START Input data

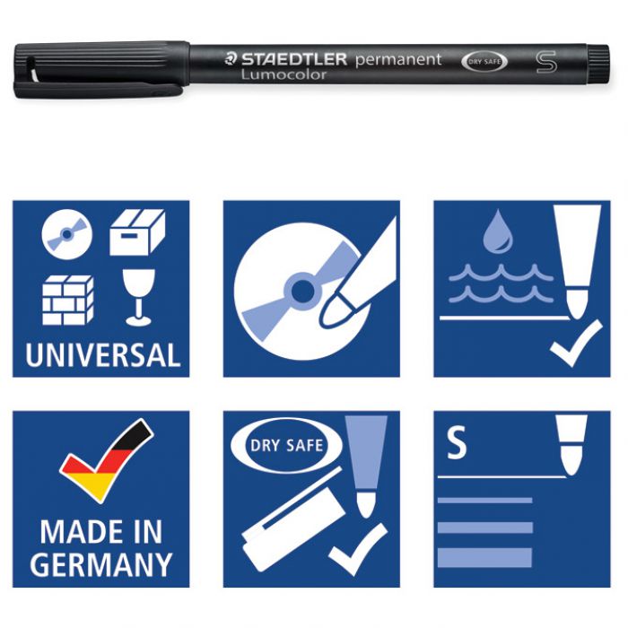 širina ispisa 0,4 mm; spremnik i poklopac PP; vodootporan; otporan na UV svjetlost; brzo se suši (pa je pogodan za ljevake); ne razmazuje se; slabog mirisa; primjenjuje se na gotovo svim površinama (papir, karton, folija, plastika, staklo, porculan, drvo, koža, kamen, CD,..); može biti nezatvoren danima bez isušivanja (dry safe); siguran rad u zrakoplovu zahvaljujući sustavu za izjednačavanje tlakova koji sprječava istjecanje tinte (airplane safe); ekološka tinta (bez ksilena i toulena); tijelo je izrađeno od 97 % reciklirane plastike
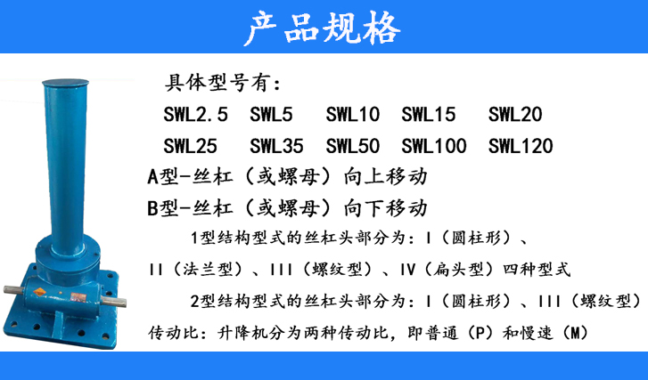 承載能力2.5—120T。具有結構緊湊、積小、重量輕、動力源廣泛、無噪音、安裝方便、使用靈活、功能多、配套形式多、可靠性高、使用壽命長許多優點。具有提升、降落、推進、翻轉等多種功能,可以單臺或組合使用,能按一定程序準確地控制調整升或推進的高度,可以用電動機或其它動力直接帶動,也可以手動。最高輸入轉速1500r/min,最大提升速2.7m/min。有不同的結構型式和裝配方式,提升高度按用戶的要求制造。該裝置可以自鎖。
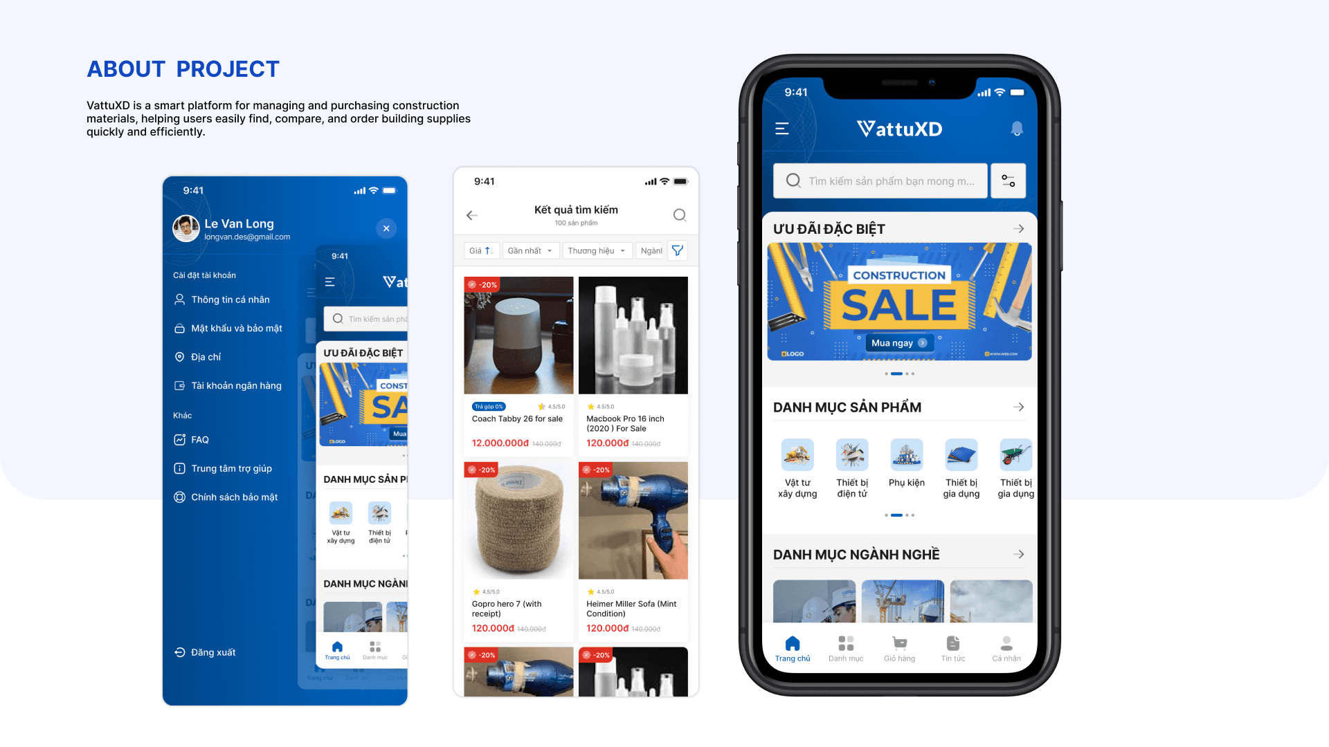 VattuXD is an ecommerce app specializing in construction materials. It connects contractors, suppliers, and construction teams, making it easy to search, order, and manage materials efficiently.
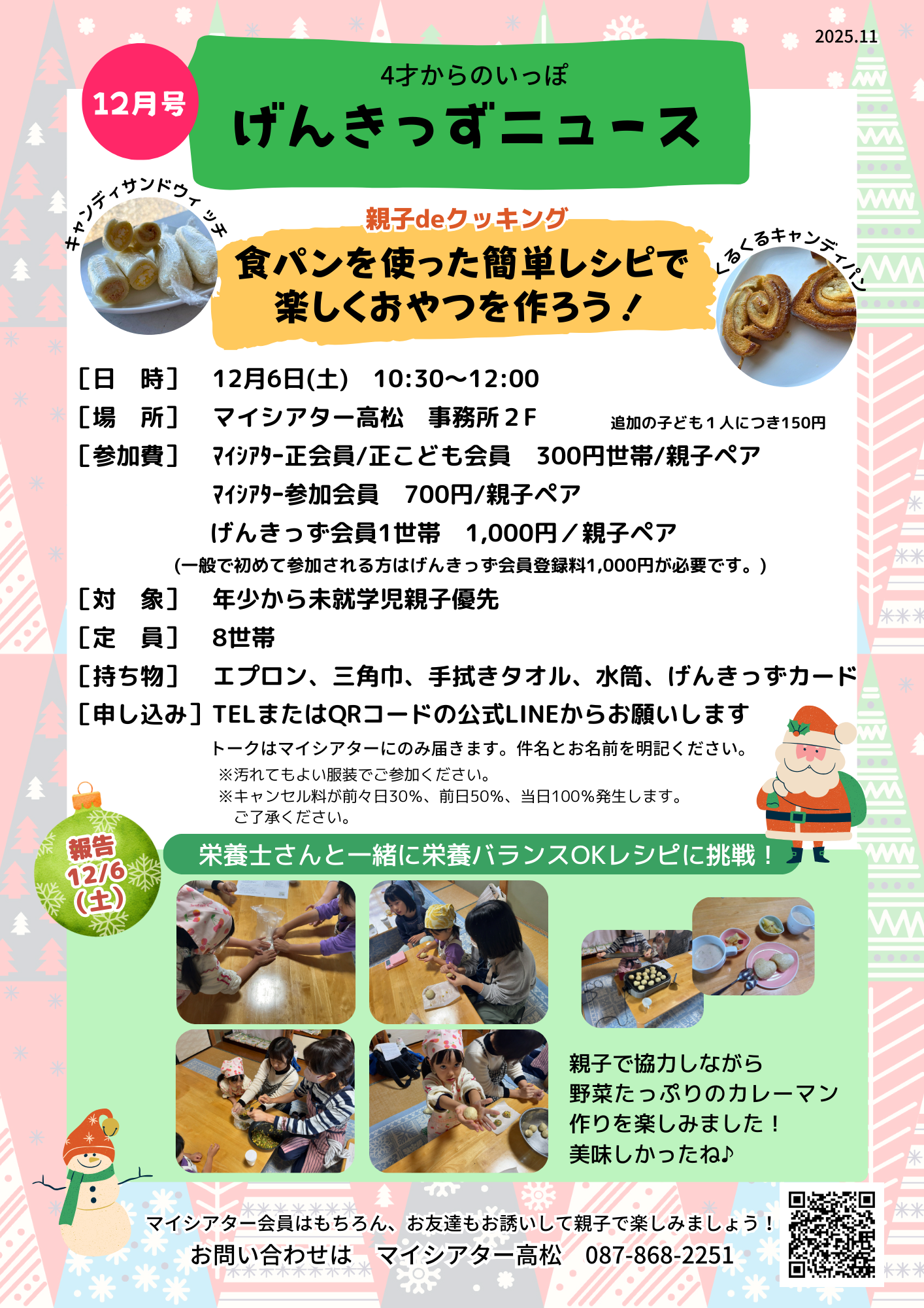 参加費:マイシアター会員・もこもこ親子会員 500円(試食付)

END Input data

→ Task to carry out: Your copy should hold only the lines from the one containing "VattuXD is an" through the last line of the listing, both included, retyped exactly and free of pictures.

→ Written answer:
 VattuXD is an ecommerce app specializing in construction materials. It connects contractors, suppliers, and construction teams, making it easy to search, order, and manage materials efficiently.
 参加費:マイシアター会員・もこもこ親子会員 500円(試食付)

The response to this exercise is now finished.